In news that didn’t make the headlines, a few weeks ago, on April 26, Detroit based rapper Danny Brown received unwanted oral sex on stage while on tour in Minneapolis. According to reports (and some stuff you can kinda make out in this camera-phone video), this young white woman jumped on stage while Brown was rapping, pulled his penis from his pants, and began to give him oral sex on the stage in the middle of this show. He didn’t stop the show; he continued rapping, though he eventually pulled away. Though he hasn’t released a statement, and almost certainly won’t, this is clearly an instance of sexual coercion. But, as a rapper, with some of the typical misogynist lyrics and a hypermasculine image to maintain, he will likely internalize the trauma of this incident, and this faceless white woman will fade away quietly into the night unscathed, while debates ensue about whether Brown actually wanted this oral sex.
This is an all-too-familiar narrative when black bodies are claimed sexually by white people itching to sample the taboo that is feral black sexuality. Our penises are unyielding ; our vaginas are cavernous. Both are insatiable, and eternally available to those brave enough to risk falling victim to our savage black genitalia. This alleged insatiability provided the impetus for the wives of slave owners to abuse black women slaves in retaliation for their husband’s infidelity (i.e. rape of black women), justified the murder of black men for consensual relationships with white women, and excused (and continues to ignore) a largely unexplored area of history: the sexual assault of black male slaves by white women.

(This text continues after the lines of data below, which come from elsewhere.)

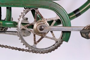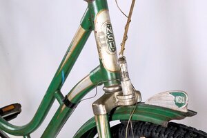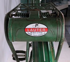 Das NSU Damenfahrrad ist grün lackiert mit feinen weißen Zierstreifen, entlang dem Rahmenrohr und der Schutzbleche, verziert. Die Rahmennummer 710260 deutet auf das Herstellungsjahr 1954 hin. Am Steuerrohr befindet sich das NSU Logo, lackiert in der Rahmenfarbe. Ebenso das Firmenemblem auf dem vorderen Schutzblech. Der verbauten Scheinwerfer und der Dynamo stammen von der Firma Lohmann. Gebremst wurde das Rad über einen Rücktritt und eine Stempelbremse, die über einen Bowdenzug vom Lenker aus bedient wurde. Dem Ledersattel sind die Firmenbuchstaben NSU eingeprägt . Etwas Neues hat sich der Hersteller, für die bisher in Leder gefertigten Werkzeugtaschen, einfallen lassen. Aus Metall hergestellt und rund in der Form, wurde der Werkzeugbehälter mit einer einfachen Klemmtechnik am Gepäckträger befestigt. (Siehe Abb.) Das Rad wurde von uns teilrestauriert, so dass es wieder fahrbereit ist. Das Rad ist heute Teil unserer neu eingerichteten Fahrradwerkstatt.
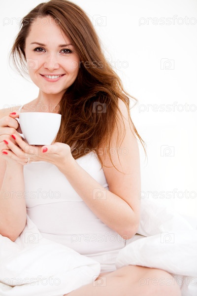 Женщина с чашкой сидит на кровати
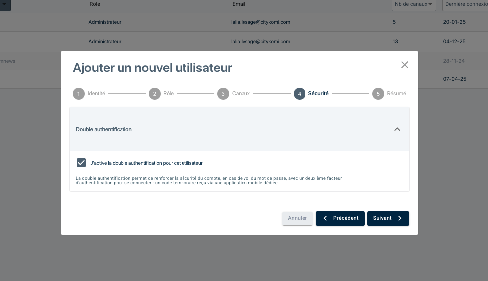 4. A l’étape Sécurité, cochez la case « J’active la double authentification pour cet utilisateur« .
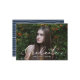 Elegant graduation announcements featuring the graduate's horizontal photo with "Graduate" in white script lettering. Personalize the front of the photo graduation announcement by adding the graduate's name, school name, and graduation year. The announcement reverses to display a navy and white hand-drawn stripe pattern.
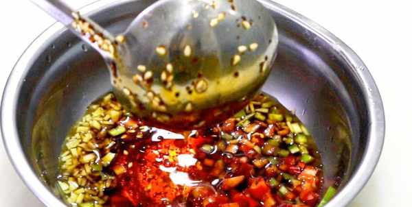 3.盆里加入食盐1克,白糖1克,味精水5克,生抽5克,陈醋8克,香醋3克,红油8克,葱油3克,香油3克,搅拌均匀,化开调料备用。
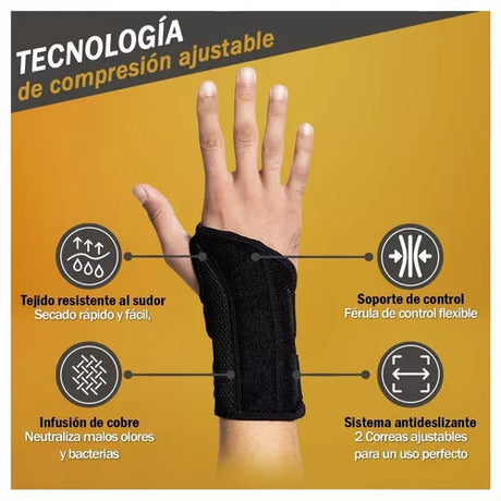 Muñequera Ortopédica Con Férula De Compresión De Cobre.(Derecha)
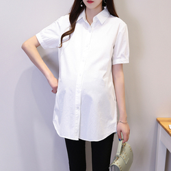 Бизнес платье для беременных летние лето белый Беременная женщина сорочка Женский короткий Профессиональное интервью большой размер Инструмент рубашка короткий верх Одежда
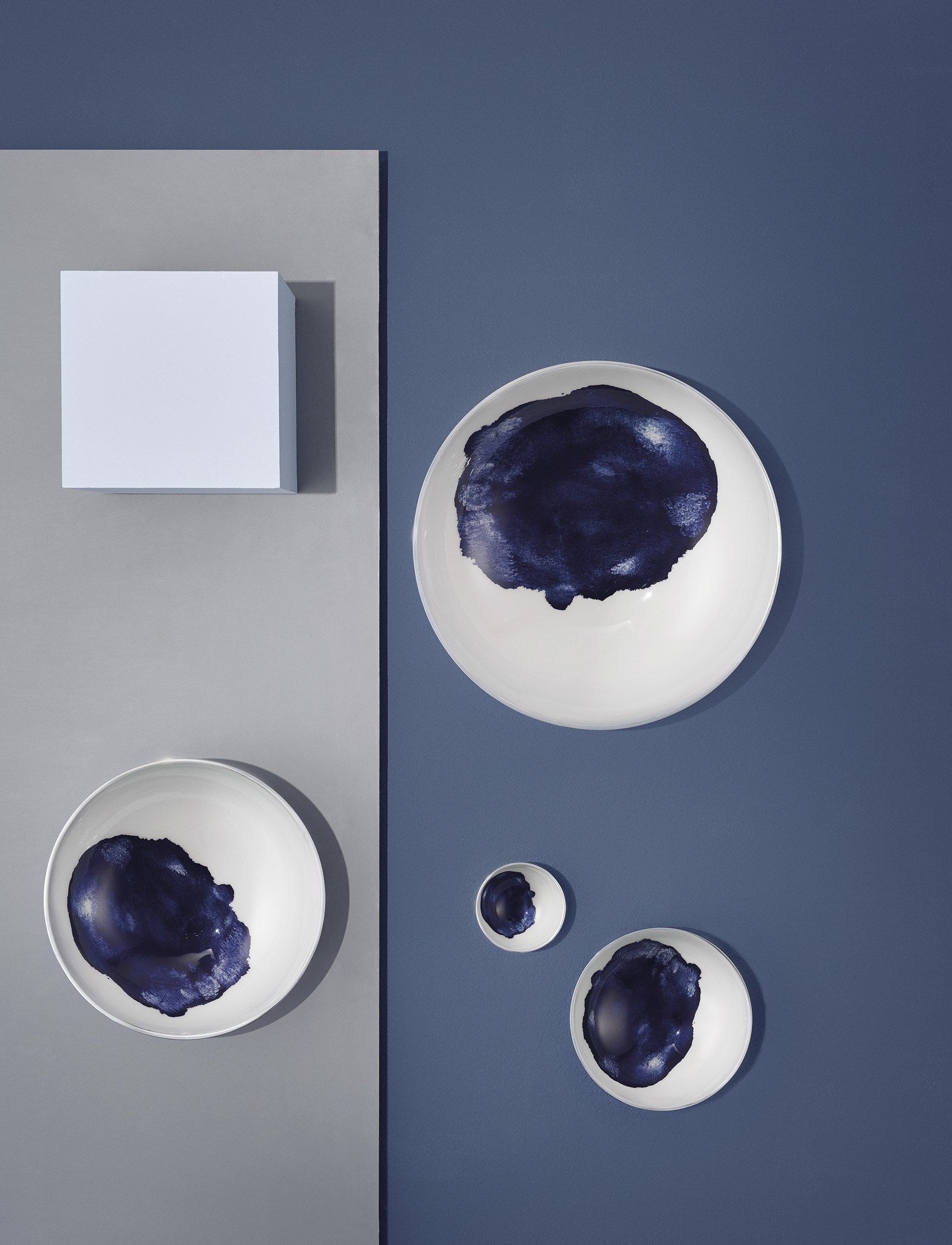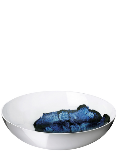 Mit Stockholm hat das schwedische Designerduo Bernadotte & Kylberg eine ikonische und zeitlose Serie von Vasen und Schalen entworfen. Die Designer haben eine Reihe von organisch, weich und zeitlos geformten Vasen und Schalen gestaltet und diese mit zwei verschiedenen ausdrucksstarken, künstlerischen Mustern kombiniert. Die grosse Schale aus Aluminium mit der schönen blauen Dekoration ist ein prächtiges Objekt auf dem Tisch oder Sideboard und eine perfekte Geschenkidee für Hochzeiten and Jubiläen.
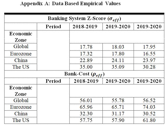 In this period, the results confirm that the US economic zone was the most resilient zone followed by the China zone. The Eurozone was the least resilient banking system in that, for the US zone to collapse completely, it needs to reach the bankcost of 11.49% c = while the Eurozone collapses completely (tipping point) at 4.83% c = . Additionally, all economic zones, including the global economy, experience the moderate values of banking system z-score as summarized in Table A1 (Appendix A) and data-based bank-costs which were not exceeding the thresholds, indicating the optimal banking system performance.
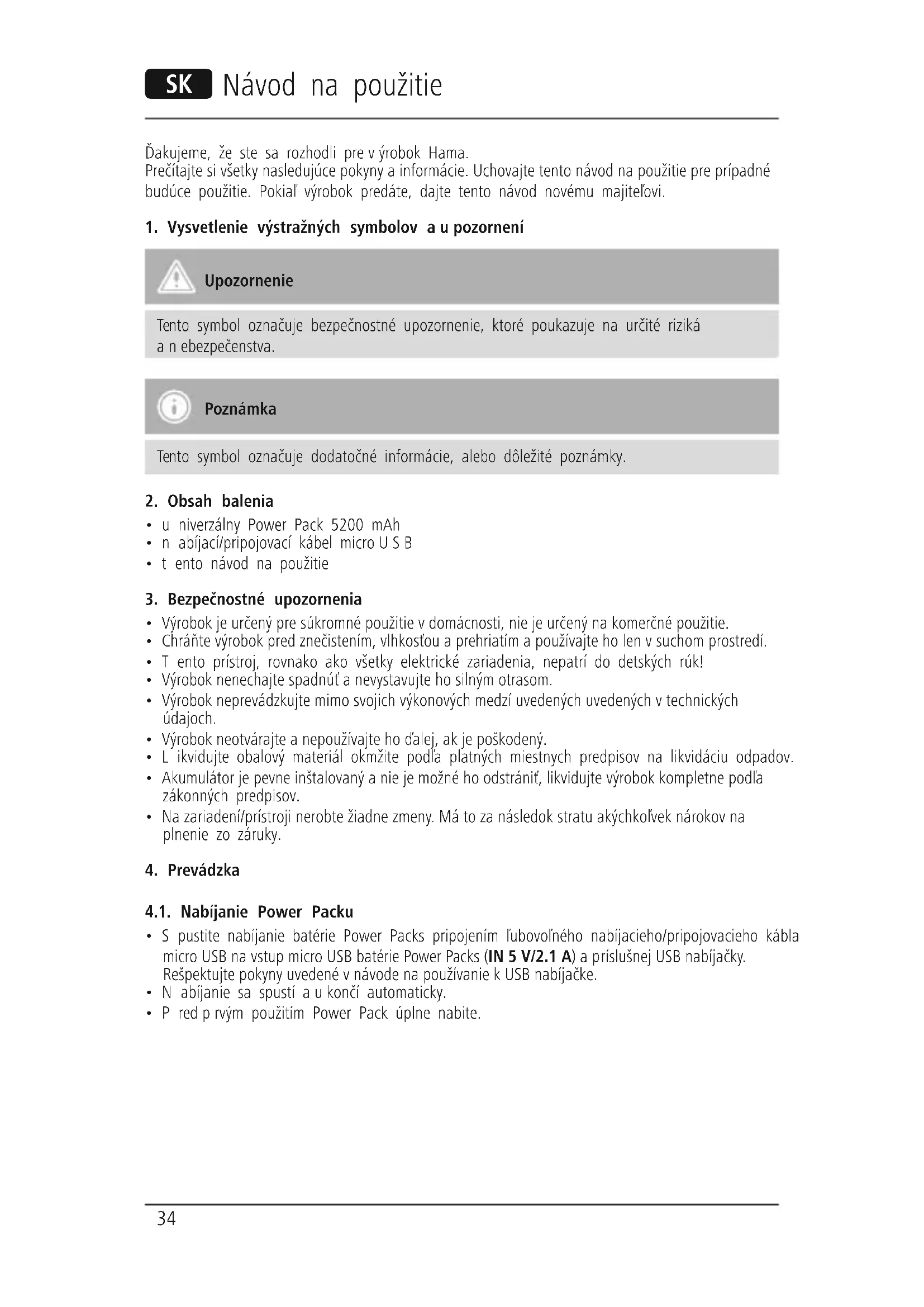 - Počas nabíjania Power Packu nepripájajte žiadne koncové zariadenia. Mohlo by tak dôjsť k poškodeniu Power Packu apripojených koncových zariadení.

Historian Thomas Foster dives into this latter concept in a 2011 article in The Journal of the History of Sexuality. Though these antebellum relationships between black male slaves and white women were inherently relationships of extreme power differences even if they were consensual, Foster cites cases where black men were explicitly coerced into sexual activity by white women. Black male slaves could be ordered to have sex with white women and threatened with a trip to the auction block or physical terror unless they complied, and white women made full use of their standing in selecting their partners to ensure discretion and domination as in the following example:
…the [white] woman preyed on more than one man… [she] “did not make advances . . . to her father’s more intelligent servants” but singled out for sexual assault instead a man “over whom her authority could be exercised with less fear of exposure” because he was so traumatized. Such a man, it is suggested, had been terrorized into submission on the plantation, and she took advantage of his state of mind to force herself upon him—with the threat of additional punishment if he did not accept her assault and if he did not keep it clandestine. (p. 462)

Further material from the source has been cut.